Household fuel checks? Partial unemployment for companies? The government is preparing various measures to counter the consequences of the war in Ukraine for the economy.
What solutions should be implemented to cope with the economic consequences of the war in Ukraine? The management is finalizing its response. After consulting everything: from the social partners to large companies, through the most vulnerable sectors, the final arbitrations are underway. The resilience plan will be unveiled in the coming week with a clearly defined goal: above all, not to resurrect it at all costs.
There will no doubt be disappointments. Many companies are affected by this war. According to the CPME, nearly 2,000 individuals have been directly exposed, either because of their presence in Russia or Ukraine or because they export to these markets. Not to mention all those indirectly affected by rising energy prices or supply problems.
“There’s no going back to whatever it takes,” we warn Bercy.
First, for political reasons.
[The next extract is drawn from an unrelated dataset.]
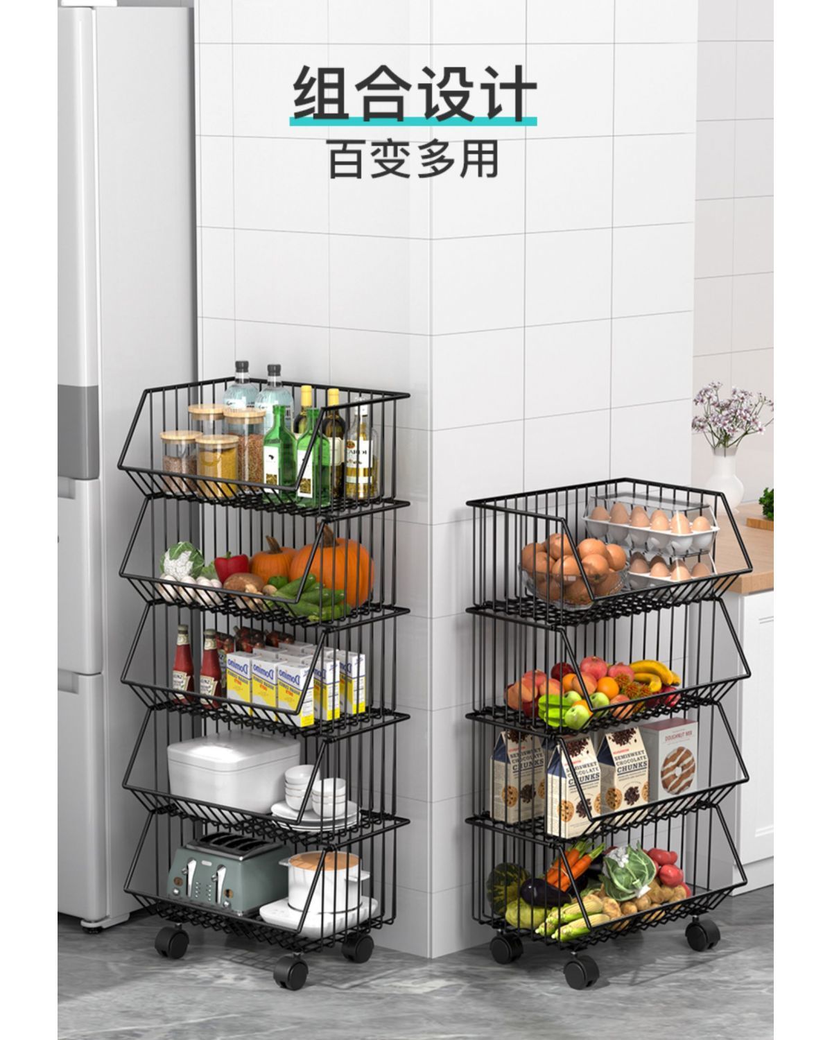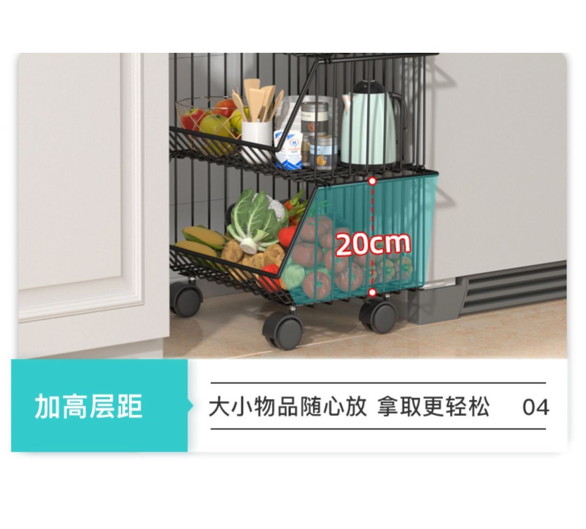주방 보관함 다층 바닥에서 천장까지 가정용 이동식 트롤리 과일 및 야채 바구니 스낵 장난감 보관함

The executive can’t multiply the checks and let government spending slip a little more a month before the presidential election. But also for economic reasons. The Ukrainian crisis is a problem of supply and not demand, spraying the economy on a massive scale would be tantamount to “burning gasoline by fueling inflation,” explains Bruno Le Maire. The unions are also on the same page for other reasons: “We want to avoid windfalls and focus aid on those who need it most,” we explain to the CFDT.
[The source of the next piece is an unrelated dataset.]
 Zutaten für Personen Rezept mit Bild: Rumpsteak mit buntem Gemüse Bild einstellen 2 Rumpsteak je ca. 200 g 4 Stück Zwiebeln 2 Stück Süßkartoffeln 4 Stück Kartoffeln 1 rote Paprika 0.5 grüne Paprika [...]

A few hundred involved companies
“This plan will be several billion euros and will affect only a few hundred companies,” said a government source. The measures will target only the companies most weakened by the crisis: those that are particularly energy-intensive or that are particularly exposed to international competition.
Among the measures mentioned, partial unemployment could make a comeback for companies that are sitting still, lacking outlets because they exported to Russia or Ukraine or because of supply problems. The employers’ organizations are pushing the executive to set up the classic sub-activity supported by the state at the height of the Covid crisis.
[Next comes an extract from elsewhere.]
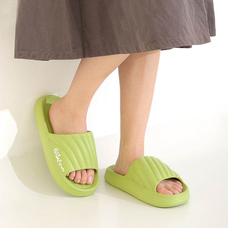 Solid Stripe Thick-soled Slippers Summer Non-slip Floor Bathroom Home Slipper For Women Men's House Shoes

“A more flexible device than Prolonged Partial Activity (APLD) because it doesn’t require an agreement,” said a senior management official.
Without a doubt, the management, which encourages companies to sign long-term sub-activity agreements as soon as possible, says that it is ready for adjustments. Indeed, the APLD presents two difficulties: companies have until June 30, 2022 to conclude an agreement, and the system must not last more than 24 months. Which may be too limited for companies that have already made use of these rights due to the Covid crisis.
Another measure: the CPME is calling for the rapid establishment of repayable advances, ie government bonds, which will allow companies facing deficits to quickly position themselves to find other sources. In December, when companies were already struggling with shortages, Bruno Le Maire already planned to release 500 million euros through Bpifrance, but nothing came of it, an employer official explains.
Finally, a gesture is planned for businesses and households to cope with rising fuel prices. On the business side, the hardest hit companies, the truckers, who already salvage part of the TICPE, want to recover a larger part and faster: not every quarter, but every month. They also demand the abolition of VAT on the TICPE. “Bercy has not closed the door to these measures,” says an employer official.
A gesture for households
As far as households are concerned, all options are on the table: Will there be a new inflation bonus? “Not focused enough on the most modest households,” said a union source. The executive is also considering encouraging companies to pay for fuel coupons, a device that already exists like restaurant coupons but could be “uncapped and tax-free,” a source at the heart of the negotiations tells us.
Finally, an employer’s official argues for a tax reduction or a tax credit on the kilometer allowance. A measure that would again have the advantage of targeting the biggest drivers
Nothing has been definitively arbitrated yet, but in any case, the executive has already prepared the minds: all these measures will not be enough to completely erase the shock of this crisis.